* Task to complete
Reproduce the listing below word for word, with no pictures.

▬▬▬▬▬▬

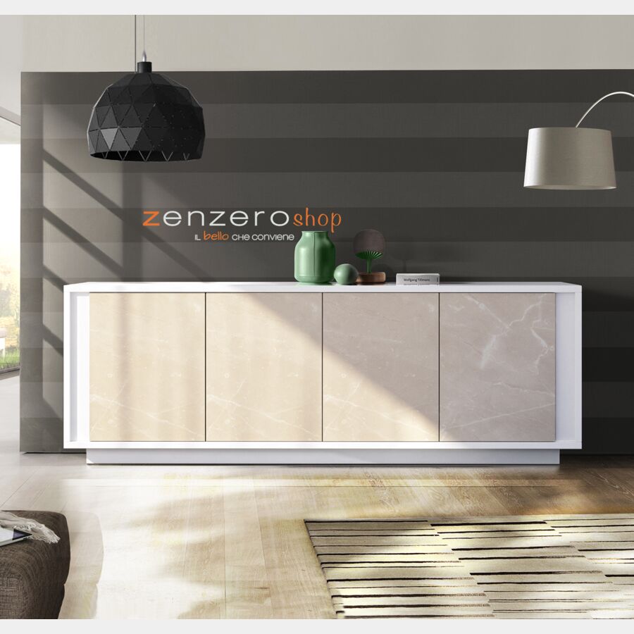 Credenza Moderna, Madia di Design, 4 ante, Bianco Nobilitato e Opera
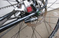This is the bike I have wanted to build for a while, but only recently were all the components I needed readily available – namely integrated drop bar shifters for an internal hub gear and an efficient belt drive. These roles are fulfilled by the Sussex Engineering Versa shifters and the Carbon Drive belt/sprockets respectively. To accommodate the belt drive the frame needed a couple of special features to enable installation and tensioning of the belt, for this I created a split rear dropout for the former and used a Niner eccentric bottom bracket (custom machined to take a 68mm width road BB/crank setup) for the latter. To continue the low maintenance theme, the bike has disc brakes front and rear, mounted on custom post mounts for straight forward fitting. Finally, for my personal use (commuting and winter training) I decided to integrate the rear pannier rack as part of the frame, allowing a small set of panniers to be carried mounted low on the bike and as close to the centreline as possible. Otherwise the bike has regular road geometry, with clearance for 25C tires and fenders. MTB (29er) disc rims provide a wide tire profile for grip on winter roads. Lightweight was never a design intent with this bike, but the final 24lb complete weight is reasonable considering the Alfine hub, heavy duty wheels, rack and fenders.
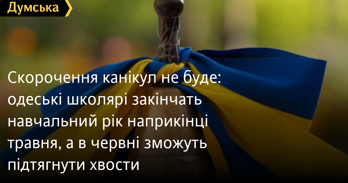 Скорочення канікул не буде: одеські школярі закінчать навчальний рік наприкінці травня, а в червні зможуть підтягнути хвостиНавчальний рік в одеських школах офіційно завершиться 30 червня, проте діти підуть на канікули місяцем раніше. Про це повідомила директорка департаменту освіти і науки міськради Олена Буйневич, коментуючи постанову Кабміну, яка викликала великий резонанс серед школярів та їхніх батьків. Днями у ЗМІ з'явилася новина про те, що в українських дітей вкрали місяць канікул і їм доведеться вчитися до кінця червня. Посилалися журналісти при цьому на постанову Кабінету міністрів. Ми звернулися по роз'яснення до Олени Буйневич, яка пояснила, що таке непорозуміння виникає регулярно, і поспішила заспокоїти школярів та їхніх батьків. «Це повторюється практично щороку, журналісти бачать дату 30 червня і роблять новину про те, що ми відпочиваємо лише два місяці. У реальності діти підуть на канікули наприкінці травня, оскільки, незважаючи на всі проблеми, що були протягом року, ми встигаємо пройти програму. Що ж стосується червня, то цей місяць дається для закриття хвостів, різних консультацій та індивідуальних занять», — пояснила вона. Помітили помилку? Виділяйте слова з помилкою та натискайте control-enter |
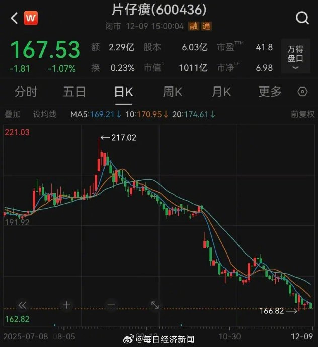 截至2025年12月9日,片仔癀股价报167.53元/股,较2021年高点跌超60%,市值蒸发约1889亿元。
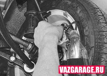 Прокачиваем, как описано выше, тормозной механизм левого переднего колеса, отворачивая штуцер прокачки ключом «на 8».
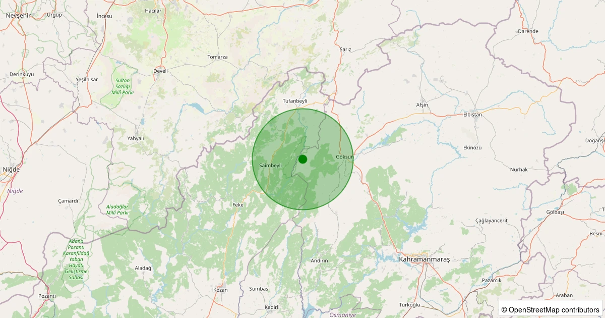 Son 7 gün içinde Göksun - Kaleboynu noktasından 100 km yarıçap içerisinde meydana gelen diğer depremler:
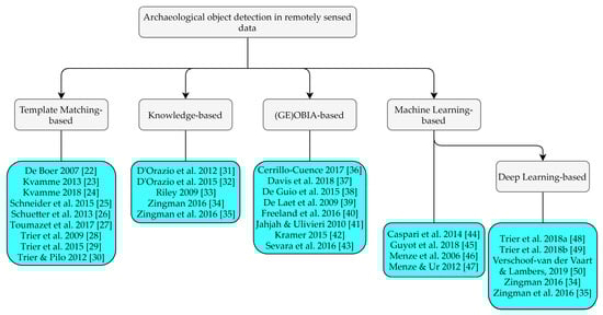 Classification of research on archaeological object detection in remotely sensed data, following Reference [14].
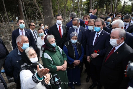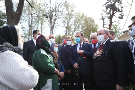 Türkiyə Böyük Millət Məclisinin (TBMM) sədri Mustafa Şentop Gəncəyə səfəri zamanı erməni terroru zamanı həlak olan şəxslərin yaxınları ilə görüşüb.
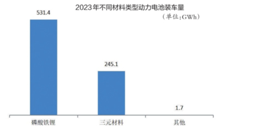 2023年不同材料類型動(dòng)力電池裝車量占比
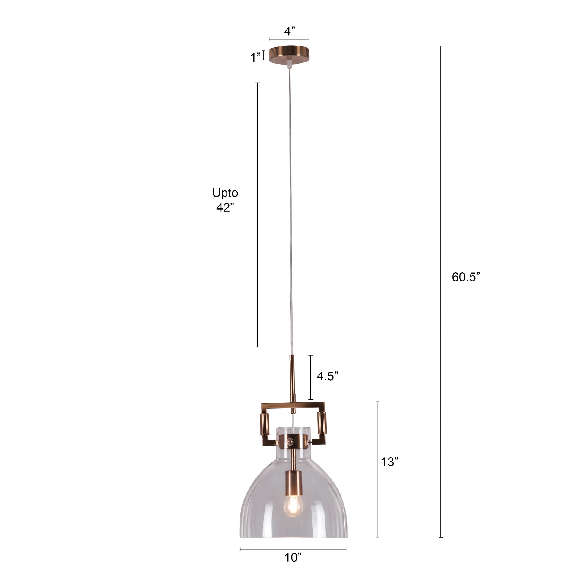 | Product Dimensions | Overall Dimensions- Height: 60.5" Length: 10" Width: 10" Frame Dimensions- Height: 13" Diameter: 10” Ceiling Cup Dimensions- Height: 1" Diameter: 4" Cord Length: 42" |
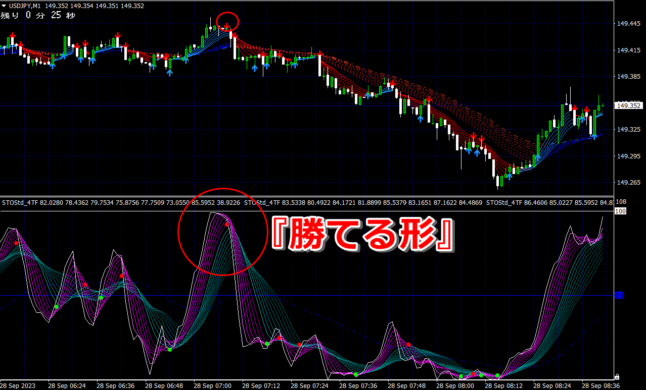 ② 矢印サイン点灯状態で、インジケーターのピンク色の帯が、緑の帯を下からすくい上げるような形状であれば、現在のローソク足が確定する数秒前か確定の直後に1分判定または3分判定でハイエントリーします。
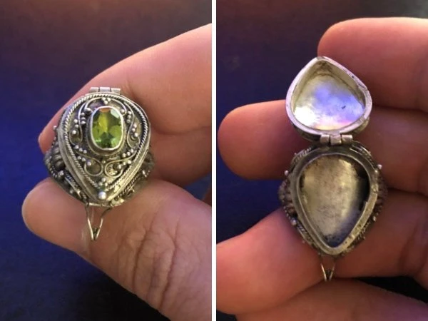 Ответ: это кольцо для твёрдых духов. Раньше на улицах было больше всего тухлого, поэтому дамы подносили такое кольцо к носу, когда проходили мимо плохо пахнущих мест.

▬▬▬▬▬▬

* Completed task
 Credenza Moderna, Madia di Design, 4 ante, Bianco Nobilitato e Opera
This is the bike I have wanted to build for a while, but only recently were all the components I needed readily available – namely integrated drop bar shifters for an internal hub gear and an efficient belt drive. These roles are fulfilled by the Sussex Engineering Versa shifters and the Carbon Drive belt/sprockets respectively. To accommodate the belt drive the frame needed a couple of special features to enable installation and tensioning of the belt, for this I created a split rear dropout for the former and used a Niner eccentric bottom bracket (custom machined to take a 68mm width road BB/crank setup) for the latter. To continue the low maintenance theme, the bike has disc brakes front and rear, mounted on custom post mounts for straight forward fitting. Finally, for my personal use (commuting and winter training) I decided to integrate the rear pannier rack as part of the frame, allowing a small set of panniers to be carried mounted low on the bike and as close to the centreline as possible. Otherwise the bike has regular road geometry, with clearance for 25C tires and fenders. MTB (29er) disc rims provide a wide tire profile for grip on winter roads. Lightweight was never a design intent with this bike, but the final 24lb complete weight is reasonable considering the Alfine hub, heavy duty wheels, rack and fenders.
 Скорочення канікул не буде: одеські школярі закінчать навчальний рік наприкінці травня, а в червні зможуть підтягнути хвостиНавчальний рік в одеських школах офіційно завершиться 30 червня, проте діти підуть на канікули місяцем раніше. Про це повідомила директорка департаменту освіти і науки міськради Олена Буйневич, коментуючи постанову Кабміну, яка викликала великий резонанс серед школярів та їхніх батьків. Днями у ЗМІ з'явилася новина про те, що в українських дітей вкрали місяць канікул і їм доведеться вчитися до кінця червня. Посилалися журналісти при цьому на постанову Кабінету міністрів. Ми звернулися по роз'яснення до Олени Буйневич, яка пояснила, що таке непорозуміння виникає регулярно, і поспішила заспокоїти школярів та їхніх батьків. «Це повторюється практично щороку, журналісти бачать дату 30 червня і роблять новину про те, що ми відпочиваємо лише два місяці. У реальності діти підуть на канікули наприкінці травня, оскільки, незважаючи на всі проблеми, що були протягом року, ми встигаємо пройти програму. Що ж стосується червня, то цей місяць дається для закриття хвостів, різних консультацій та індивідуальних занять», — пояснила вона. Помітили помилку? Виділяйте слова з помилкою та натискайте control-enter |
 截至2025年12月9日,片仔癀股价报167.53元/股,较2021年高点跌超60%,市值蒸发约1889亿元。
 Прокачиваем, как описано выше, тормозной механизм левого переднего колеса, отворачивая штуцер прокачки ключом «на 8».
 Son 7 gün içinde Göksun - Kaleboynu noktasından 100 km yarıçap içerisinde meydana gelen diğer depremler:
 Classification of research on archaeological object detection in remotely sensed data, following Reference [14].
 Türkiyə Böyük Millət Məclisinin (TBMM) sədri Mustafa Şentop Gəncəyə səfəri zamanı erməni terroru zamanı həlak olan şəxslərin yaxınları ilə görüşüb.
 2023年不同材料類型動(dòng)力電池裝車量占比
 | Product Dimensions | Overall Dimensions- Height: 60.5" Length: 10" Width: 10" Frame Dimensions- Height: 13" Diameter: 10” Ceiling Cup Dimensions- Height: 1" Diameter: 4" Cord Length: 42" |
 ② 矢印サイン点灯状態で、インジケーターのピンク色の帯が、緑の帯を下からすくい上げるような形状であれば、現在のローソク足が確定する数秒前か確定の直後に1分判定または3分判定でハイエントリーします。
 Ответ: это кольцо для твёрдых духов. Раньше на улицах было больше всего тухлого, поэтому дамы подносили такое кольцо к носу, когда проходили мимо плохо пахнущих мест.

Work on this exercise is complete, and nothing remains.